The substance dualism of Richard Swinburne: current state and criticism
DOI:
https://doi.org/10.21146/2072-0726-2020-13-3-175-188Keywords:
analytic philosophy, philosophy of mind, Richard Swinburne, substance dualism, the mind-body problemAbstract
This article is one of the first articles in Russian discussing Richard Swinburne’s recent views on the mind-body problem. Richard Swinburne is a contemporary British theologian and analytic philosopher specializing in the philosophy of religion and philosophy of science. In the philosophy of mind, Swinburne defends a quite unpopular position – the substance dualism. This position is based on the cartesian dualism and some old scholastic conceptions. Swinburne tries to advocate all versions of the mind-body dualism: he moves from the predicate dualism to the property dualism and then from the property dualism to the substance dualism.
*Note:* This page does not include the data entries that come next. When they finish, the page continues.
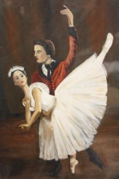 A FRAMED AND GLAZED OIL PAINTING OF BALLET DANCERS
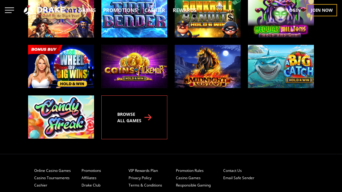 Drake Casino won’t let you down with the slot games, you can find many popular titles here and you can enjoy 3D series of slots from Betsoft; these games feature great storylines with the best graphics designed for the gaming market. Dive to more than 100 games, I am sure you won’t get bored anytime soon at this casino.
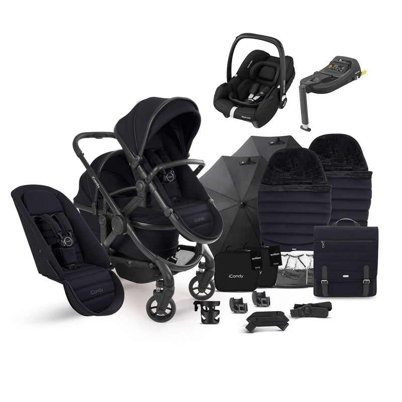 Step into seamless parenting with the iCandy Peach 7 Double Complete Maxi-Cosi Travel System in Black. Designed for first-time parents and growing families, this luxurious single-to-double pushchair combines cutting-edge engineering with modern style. Its premium knitted jersey fabrics and elegant design deliver both comfort for your little ones and sophistication for you. With a comprehensive set of accessories included, you’ll be ready to take on every adventure in style.
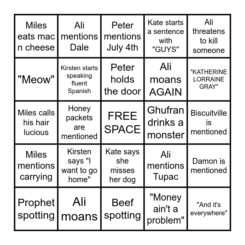 This bingo card has a free space and 24 words: Kirsten says "I want to go home", Ali moans, Peter holds the door, Prophet spotting, Ali threatens to kill someone, Miles eats mac n cheese, "Meow", Ali mentions Dale, Ghufran drinks a monster, Kate says she misses her dog, Ali moans AGAIN, Miles calls his hair lucious, Ali mentions Tupac, Damon is mentioned, Kirsten starts speaking fluent Spanish, "Money ain't a problem", Biscuitville is mentioned, Peter mentions July 4th, "KATHERINE LORRAINE GRAY", Honey packets are mentioned, "And it's everywhere", Miles mentions carrying, Kate starts a sentence with "GUYS" and Beef spotting.
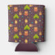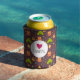 Kann Kühler mit einem niedlichen Camping-Muster. Camping-Themen wie ein orangefarbenes Lagerfeuer, ein grünes Zelt, eine akustische Gitarre und andere Naturelemente wie Bäume, Blätter, aber auch ein Rucksack, Schaufel und Kantine. Ein weißer Kreis überlagert mit einem roten Herz und das Wort "Camping" innen.
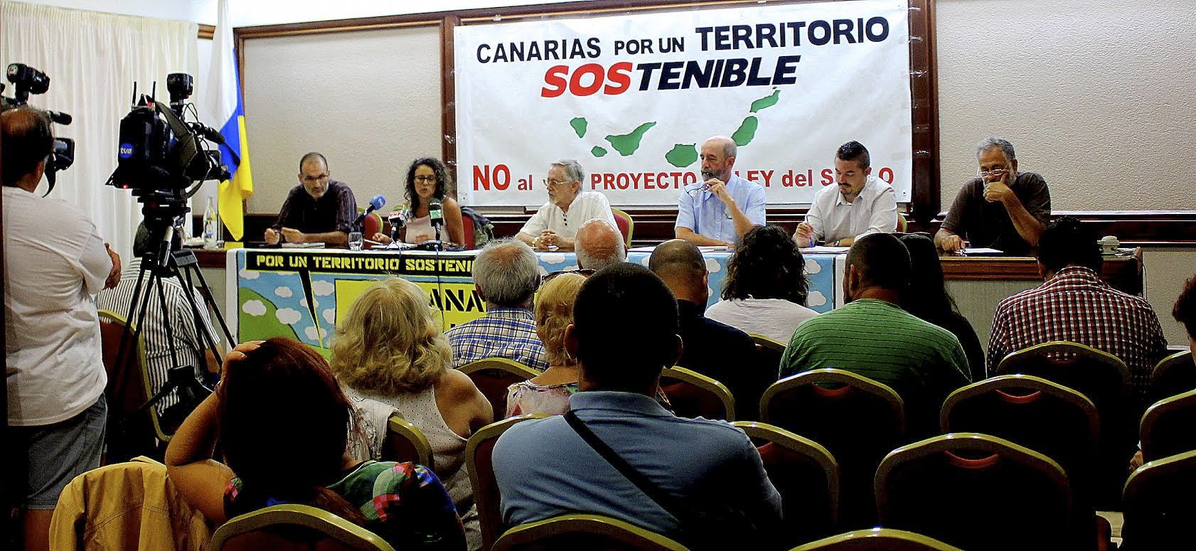 Finalmente, Julián Ayala, portavoz de Canarias por un territorio sostenible en Tenerife, recordó que las iniciativas jurídicas, sociales y políticas que se están iniciando se trasladarán como experiencia también a la lucha contra la Ley del Suelo, mientras que Antonio Pérez Marrero, portavoz de la citada plataforma en Gran Canaria, recordó precisamente que “la Ley del Suelo está comenzando a aplicarse a través de la Ley del turismo en las islas verdes”, como una avanzadilla de lo que pretender ser este nuevo modelo económico que se pretende imponer. Marrero recordó que una vez aprobadas las leyes, la movilización continúa porque puede detenerse su aplicación con argumentos jurídicos y políticos.
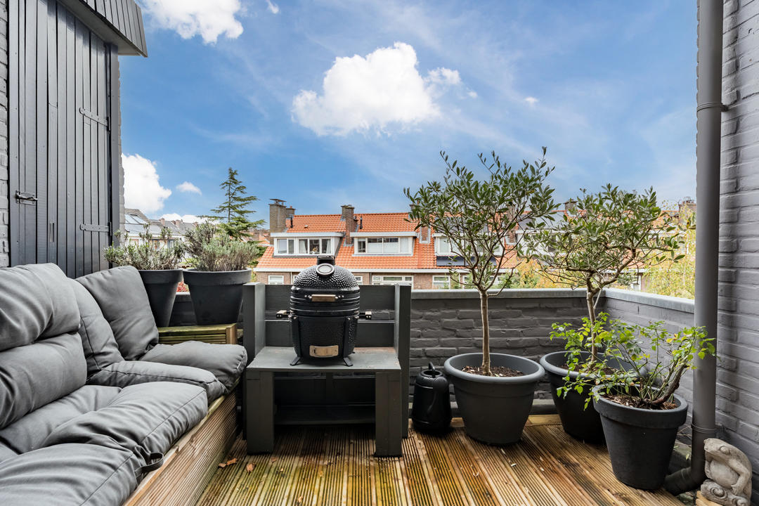 WOON EN GENIET van dit sfeervolle en karakteristieke DRIEDUBBEL bovenhuis (ca. 194m2) met drie woonlagen, prachtige glas-in-looddetails, balkons aan voor- en achterzijde en een multifunctionele zolderverdieping met panoramisch uitzicht over de SKYLINE van Den Haag. De woning biedt een royale woonkamer met open keuken, vijf slaapkamers en de mogelijkheid tot het creëren van een zesde slaapkamer, dit is eenvoudig te realiseren, moderne badkamer en meerdere balkons — ideaal voor wie ruimte en comfort zoekt. Gelegen aan de brede en groene Thorbeckelaan met in de middenberm over de hele lengte bomenrijen en grasperken in de geliefde Vruchtenbuurt, op loopafstand van winkels, openbaar vervoer en sportfaciliteiten, o.a. in de nabij gelegen Bosjes van Pex, op loop- en fietsafstand van de duinen, het strand en de zee en van meerdere kinderdagverblijven en scholen waaronder de Internationale School van Den Haag. De uitvalswegen richting A4 en A12 zijn goed bereikbaar.

As Descartes, Swinburne sees the mental and the physical as two separate domains. In particular, he denies the supervenience thesis which is shared now by most analytic philosophers of mind and appeals to a causal interactionism between mental and physical events. Moreover, Swinburne uses the concept of substance. He defines the substance as something that is not reduced to a collection of properties instantiated in it. With regard to the problem of the nature of a human being, Swinburne shares the compound dualism, according to which the nature of a human being consists of two parts: the essential (mental substance) and the non-essential (physical substance). Based on his substance dualism and the modal argument of Descartes, Swinburne claims that the existence of the consciousness does not depend on the existence of the physical body. The author gives some objections against Swinburne’s substance dualism. Some of these objections are based on the arguments of other famous analytic philosophers. The conclusion states that we cannot take Swinburne’s substance dualism as a correct mind-body theory. The author argues that this philosophical conception introduces many unjustified hypotheses and it actually does not do its explainatory job.